With your strong degree of self-awareness, it’s no surprise that you get along well with most people. Indeed, it’s self-confidence that allows people to feel comfortable interacting with others without feeling insecure and vulnerable. For this reason, you shouldn’t have much difficulty in romance, at least not initially. Your social skills will likely help relieve any anxiety your romantic partners might have on those first few dates. However, over time, the high standards that you have for yourself could potentially frustrate your partner.
Given how much you value family life, you probably get along best with people who share your values and beliefs. In fact, it’s likely that you maintain close connections with members of your immediate and distant family. For this reason, you would probably be most satisfied in a romantic relationship with someone who also values domestic life. Being in a relationship with someone who enjoys going out to parties and staying out until late at night might be fun, at least initially; yet it’s likely that you will find this tiring over time.

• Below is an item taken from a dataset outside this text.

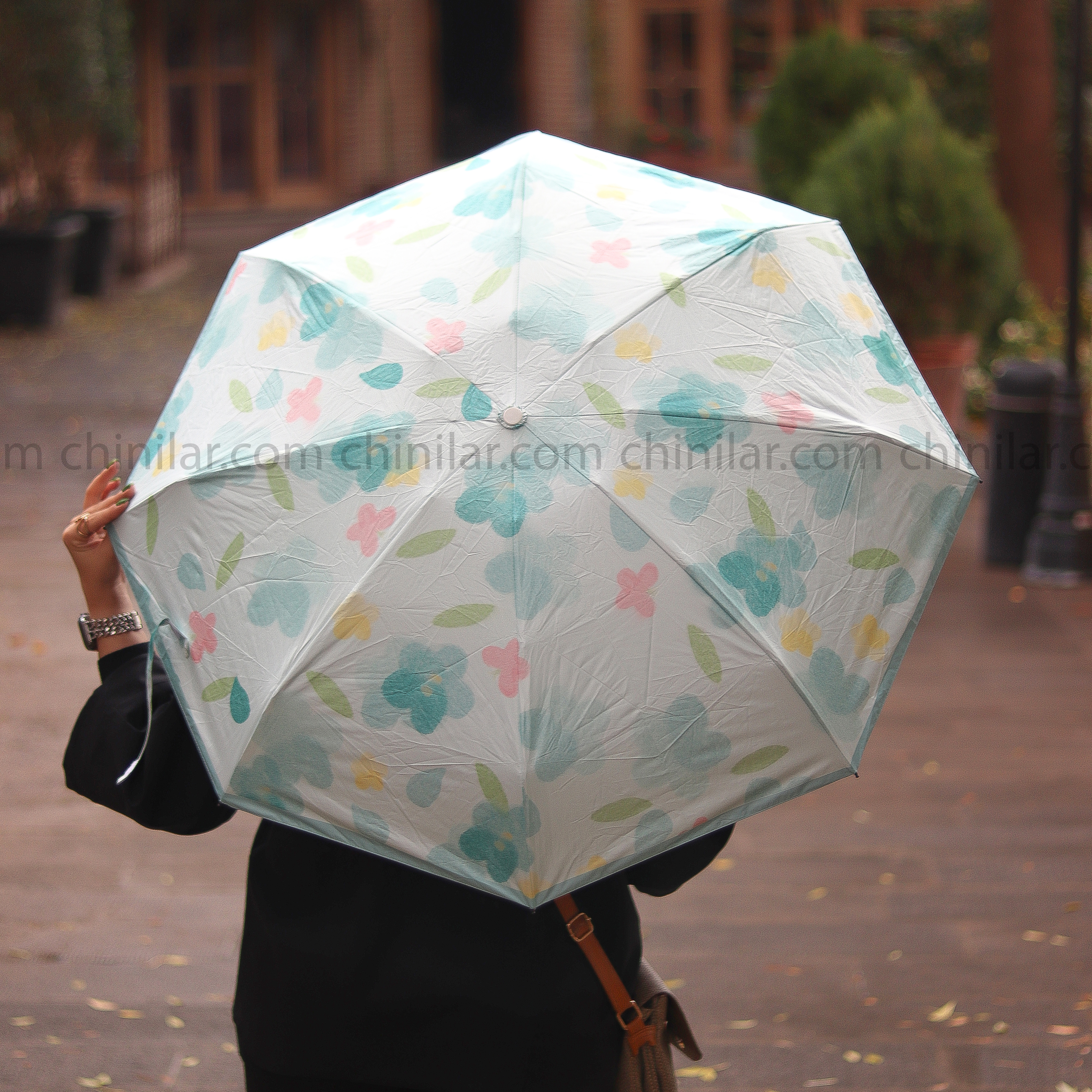 چتر نانو با پوشش ضدآب و طرح گل سبز روشن، ترکیبی از زیبایی، دوام و محافظت در برابر باران و آفتاب است.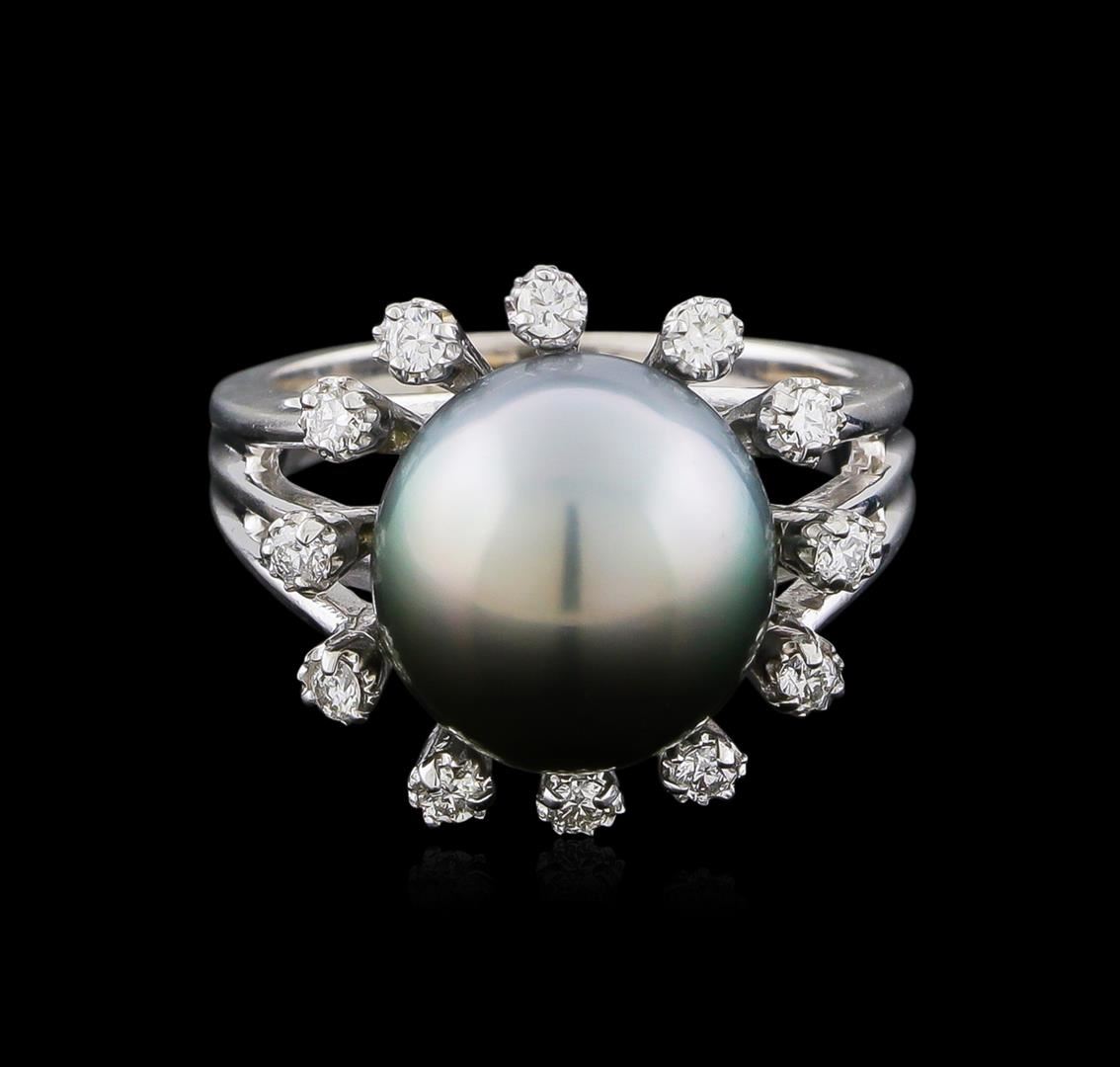 One ring featuring: 14KT white gold weighing 6.60 grams containing one pearl and diamonds with a total diamond weight of 0.30ct.

Thus, it might be easier and more satisfying for you to develop a long-lasting relationship with a person who also enjoys spending time at home and desires relaxation. On first dates, perhaps you might suggest to your partner that the two of you spend a quiet night having dinner at one of your respective homes instead of going out to a restaurant or club.
As someone who is more relaxed than most people, you’re likely be attracted to most people. However, your free-spirited nature might make being in a relationship with a person that is more rigid than you difficult because you might perceive the person as being too uptight and controlling. For this reason, you may ultimately be most satisfied in a relationship with someone that shares your level of self-control.
Your openness probably makes it easy for you to respect and appreciate people that are different from you. However, when it comes to romantic relationships, your openness might make it difficult for you to tolerate people that cannot appreciate diversity as much as you. Therefore, you may be happiest in serious relationships with people that share your open-mindedness. But, your openness might occasionally cause a certain degree of dependency on your end because you may be so open that you easily adopt the preferences and habits of your partners and gradually relinquish things that make you so unique.
I just signed up for ‘Plenty Of Fish' and have been completing my profile, so I thought I'd post these interesting and (I think) fairly accurate results, which I received after doing their 'Relationship Needs' test.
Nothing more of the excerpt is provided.